The paper presents a novel Transformer-based scheduling network with a sliding augment component and scalability features, improving real-time performance and robustness in 6G MEC environments.

Findings

TSNet-SAC achieves higher accuracy than existing networks.

TSNet-SAC reduces scheduling latency compared to heuristic algorithms.

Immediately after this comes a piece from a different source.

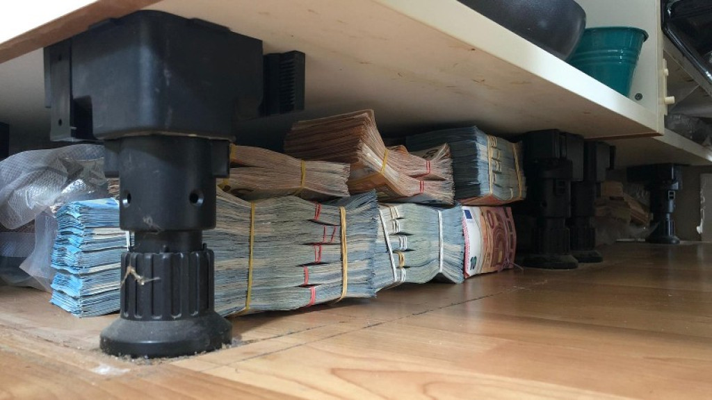 Bij een eerste huiszoeking aan het Zuiderterras troffen agenten eerst geld aan in een televisiemeubel. Daarna werd een groot deel van het geld onder het keukenblok. Het geld was verstopt achter een plint. In de keuken werden ook meerdere stoffen gevonden die worden gebruikt bij het verpakken van drugs.

The approach enhances robustness and scalability in diverse scenarios.

Abstract

In future 6G Mobile Edge Computing (MEC), autopilot systems require the capability of processing multimodal data with strong interdependencies. However, traditional heuristic algorithms are inadequate for real-time scheduling due to their requirement for multiple iterations to derive the optimal scheme. We propose a novel TSNet-SAC based on Transformer, that utilizes heuristic algorithms solely to guide the training of TSNet. Additionally, a Sliding Augment Component (SAC) is introduced to enhance the robustness and resolve algorithm defects. Furthermore, the Extender component is designed to handle multi-scale training data and provide network scalability, enabling TSNet to adapt to different access scenarios. Simulation demonstrates that TSNet-SAC outperforms existing networks in accuracy and robustness, achieving superior scheduling-making latency compared to heuristic algorithms.